INSTRUCTIONS TO FOLLOW:
From the first line of the records below, transcribe each line exactly up to and including the one with "Buses Minister, Richard"; pictures stay out.

[Data items]

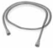
SlimLine™ tubing 36810
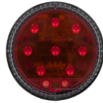
Part Number 0348791 12-24V ECE DOT Stop Tail Turn Lamp
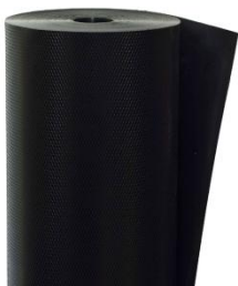
Root Barrier Product
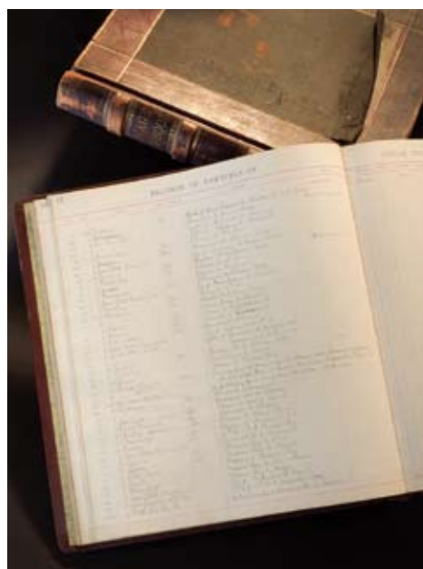
The Red Stack Tugboat Ledgers showing a page from the volume covering 1908-1909.

The bread and butter of her work was in the rapidly expanding oil transport business. Red Stack contracted with Standard
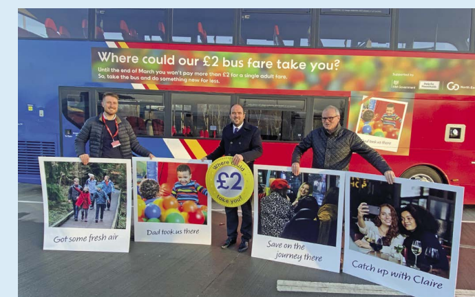
Buses Minister, Richard Holden at Go North East's Gateshead depot to launch the scheme. More than 130 bus operators are taking part in the offer, which applies on over 4,600 routes.

The government has estimated that the average single fare for a 3-mile journey is £2.80, meaning the special fare will save passengers almost 30%. The initiative, which ends on March 31st, will help millions of Go-Ahead passengers with travel costs for work, education, and essential journeys.
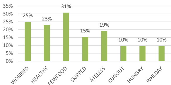
Fig. 3 Proportion of female farmers answering “Yes” to experienced food insecurity. Note: Calculated from survey results

female farmers also have to deal with the expense of simultaneously eating healthful food. It alludes to the dietary habits of women farmers, who tend to eat a lot of grains and vegetables but not as much of other healthful items like milk, meat, or fish. Apart from being financially incapacitated, the food culture factor in the Java region also influences the commodities consumed by female farmers (the staple food is rice supplemented with vegetables and a side dish of tempeh-tofu). The fifth item (ATELESS) also shows experiences considered like the third question item (FEWFOOD) by female farmers. However, female farmers experience less difference compared to eating certain types of food. The eight FIES questions conclude that the most significant percentage of female farmers who inconsistently answered the FEWFOOD items (8%) and ATELESS was 4%. However, both can still be used to measure women farmers’ food insecurity level due to their unique experience of food insecurity, as explained above.
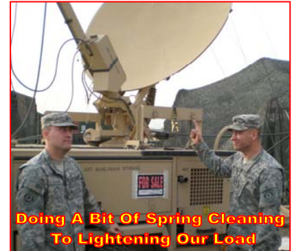
Doing A Bit Of Spring Cleaning To Lightening Our Load

Missions, promotions and leaves have kept us on our toes. Mission is running on all cylinders. Our analysts, reporters, linguists and operators are all
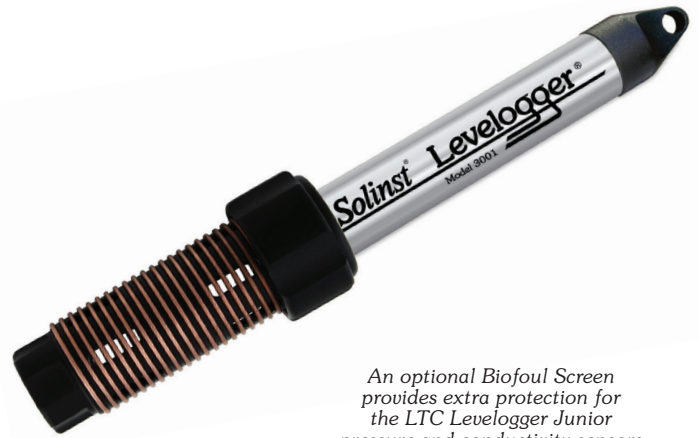
An optional Biofoul Screen provides extra protection for the LTC Levelogger Junior pressure and conductivity sensors in harsh environments.

Using the natural anti-fouling characteristics of copper, the Biofoul Screen is an affordable option to lengthen the time an LTC Levelogger Junior can be deployed. It reduces site visits and time spent cleaning Leveloggers, and improves long-term performance by ensuring accurate sensor measurements.
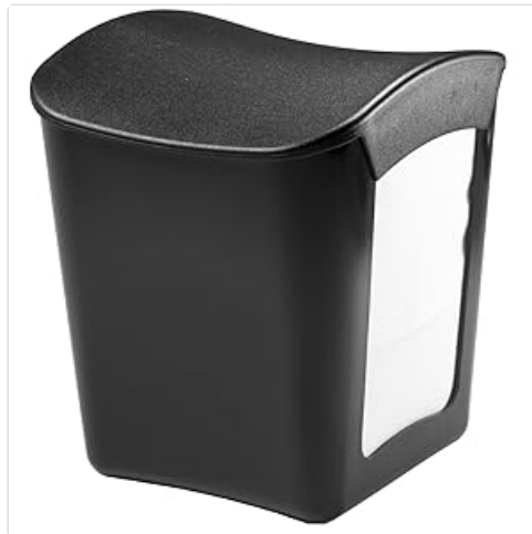
Image: A close-up view of the napkin dispenser, highlighting the double entry design for napkins.
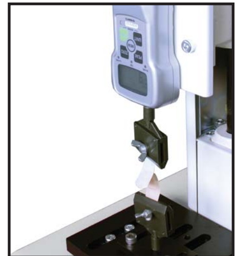
Stand with Optional Grip Performing Peel Test
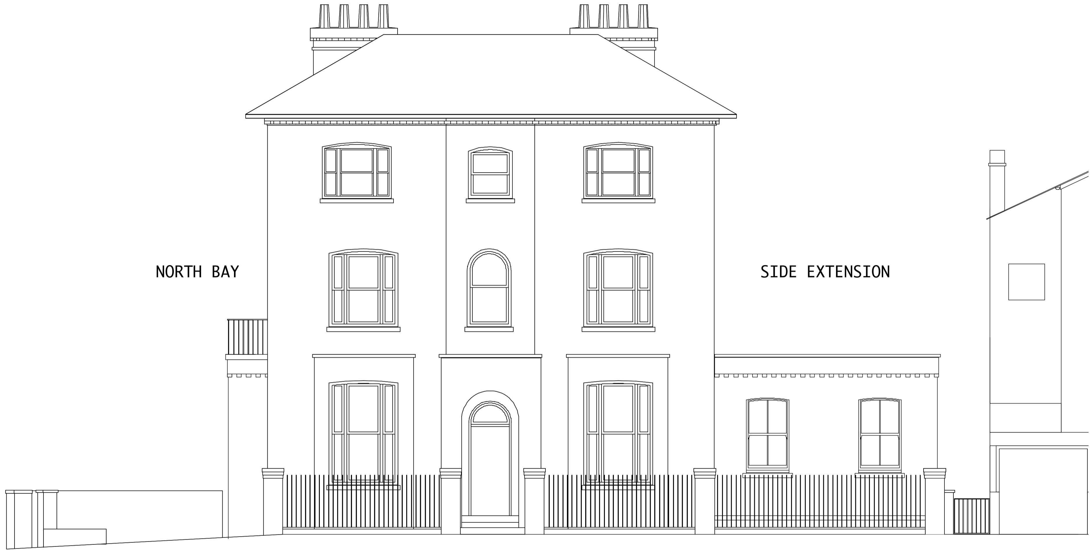
1 FRONT ELEVATION (GAYTON CRESCENT)
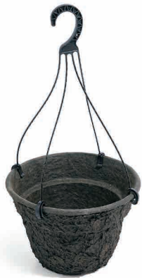
12XLRD-II Basket 2.69 gal/10.2 L 22 per case
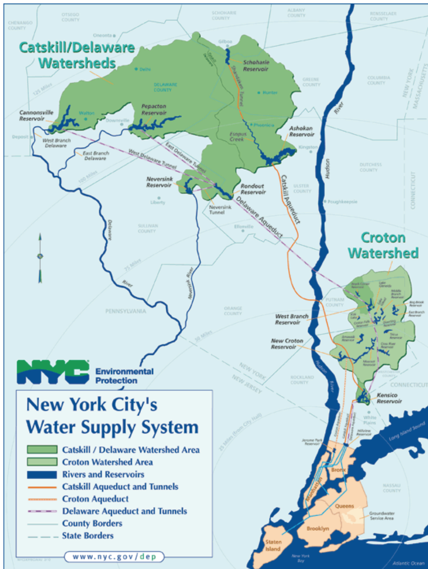
Fig. 1. New York City's Water Supply System

Within two years, two other efforts were completed in the city's favor: a successful campaign to obtain Congressional approval of the City's application to build the aqueduct
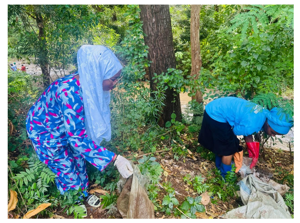
[Picking trash, litters and wastes around the Rau River]
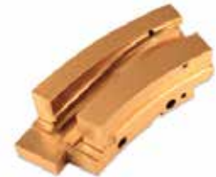
18MM FILL CAM IPT 1" F-895 | OEM: 3112895
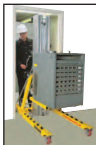
Fits through doorways!

Using plunger pins, forks remove and reverse easily for added height or to get flush with a ceiling. No loose pieces!
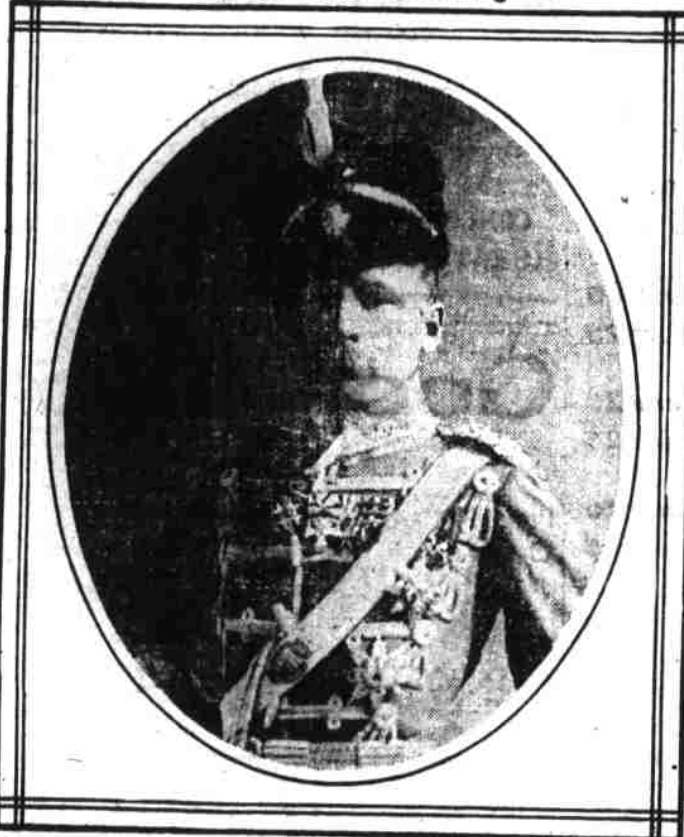
Ambassador Extraordinary and Plenipotentiary from Germany.

RESPONSE:
SlimLine™ tubing 36810
Part Number 0348791 12-24V ECE DOT Stop Tail Turn Lamp
Root Barrier Product
The Red Stack Tugboat Ledgers showing a page from the volume covering 1908-1909.

The bread and butter of her work was in the rapidly expanding oil transport business. Red Stack contracted with Standard
Buses Minister, Richard Holden at Go North East's Gateshead depot to launch the scheme. More than 130 bus operators are taking part in the offer, which applies on over 4,600 routes.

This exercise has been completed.